# tendon injury



## artzkat (Oct 22, 2007)

I have been trying to help my limping doe for about a week. She would get better, then worse, then better, then worse. I was giving her aspirin and it did nothing for her. This morning she was hopping on three legs and in real pain so I took her to the vet. He took some x-rays to rule out any small foot fractures...which she does not have, phew. But it appears that she has an injury similar to bowed tendon in horses.

The injury responds well to benamine and vet put her on 1cc benamine IM for 5 days. But I still need to keep her quiet to avoid further injury.

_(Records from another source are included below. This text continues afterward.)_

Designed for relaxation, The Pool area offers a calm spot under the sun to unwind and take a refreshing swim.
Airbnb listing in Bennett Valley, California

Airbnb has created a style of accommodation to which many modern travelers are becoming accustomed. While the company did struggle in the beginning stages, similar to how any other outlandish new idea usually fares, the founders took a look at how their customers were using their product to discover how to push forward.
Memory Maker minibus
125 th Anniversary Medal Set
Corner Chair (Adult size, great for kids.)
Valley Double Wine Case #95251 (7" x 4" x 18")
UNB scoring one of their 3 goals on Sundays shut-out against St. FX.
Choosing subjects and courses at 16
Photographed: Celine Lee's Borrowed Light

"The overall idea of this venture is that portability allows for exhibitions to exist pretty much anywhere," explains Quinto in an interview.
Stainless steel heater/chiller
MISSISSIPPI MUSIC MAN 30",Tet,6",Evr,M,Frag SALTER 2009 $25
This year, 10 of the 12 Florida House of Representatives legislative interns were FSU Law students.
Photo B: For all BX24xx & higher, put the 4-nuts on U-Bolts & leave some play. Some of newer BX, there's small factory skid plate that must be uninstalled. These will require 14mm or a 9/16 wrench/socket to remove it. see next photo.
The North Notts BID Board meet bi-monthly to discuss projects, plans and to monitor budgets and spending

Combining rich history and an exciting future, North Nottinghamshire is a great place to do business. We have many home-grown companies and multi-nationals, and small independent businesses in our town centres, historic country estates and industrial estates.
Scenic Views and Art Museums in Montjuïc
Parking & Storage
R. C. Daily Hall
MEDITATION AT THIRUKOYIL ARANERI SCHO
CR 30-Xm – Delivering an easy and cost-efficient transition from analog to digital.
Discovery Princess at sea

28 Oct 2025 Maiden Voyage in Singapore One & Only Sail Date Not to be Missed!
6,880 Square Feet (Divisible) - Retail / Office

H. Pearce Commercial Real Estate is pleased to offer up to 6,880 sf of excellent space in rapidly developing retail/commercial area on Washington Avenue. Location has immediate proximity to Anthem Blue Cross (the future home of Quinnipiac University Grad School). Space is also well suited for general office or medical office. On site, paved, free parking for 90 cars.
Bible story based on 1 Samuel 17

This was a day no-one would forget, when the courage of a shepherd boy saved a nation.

Has anyone here encountered this type of injury? I assume it will be chronic?????? She is a sweet little thing...maybe a little too frisky for her own good. 
I know it is not a good idea to wrap a goat's leg for something like this..but I wonder if there is some sort of light support sleeve I could put on it if this happens again.

Kat.


----------



## KW Farms (Jun 21, 2008)

Bumping this up for ya....maybe someone can help.


----------



## Di (Jan 29, 2008)

Well, I don't have specific experience with this sort of injury in goats. But, when Hubby sprained his ankle, they wanted it wrapped. Not to prevent movement, but to restrict movement. If she were my goat I'd wrap it. I'd cut a hole in an old sock and put that on her and then use that tape that sticks to inself and wrap it around that, not tight enough to restrict blood flow of course. And, I'm a "believer" when it comes to DMSO...I'd rub some of that on first (you can get it at Hoeggers, maybe Tractor Supply). Good luck!


----------



## goathappy (Oct 5, 2007)

I think I would wrap her leg up for some support, I haven't experienced any tendon injuries in adults but I have had experiences with weak tendons in kids. Keeping it wrapped and supported doesn't allow them to use it as much so it will heal better. Also, if she hasn't had it yet, I think I would give her a shot of Bo-Se, selenium is good for the muscles and tendons.


----------



## kelebek (Oct 5, 2007)

I am not sure if it is an option in goats - but I don't see why not. 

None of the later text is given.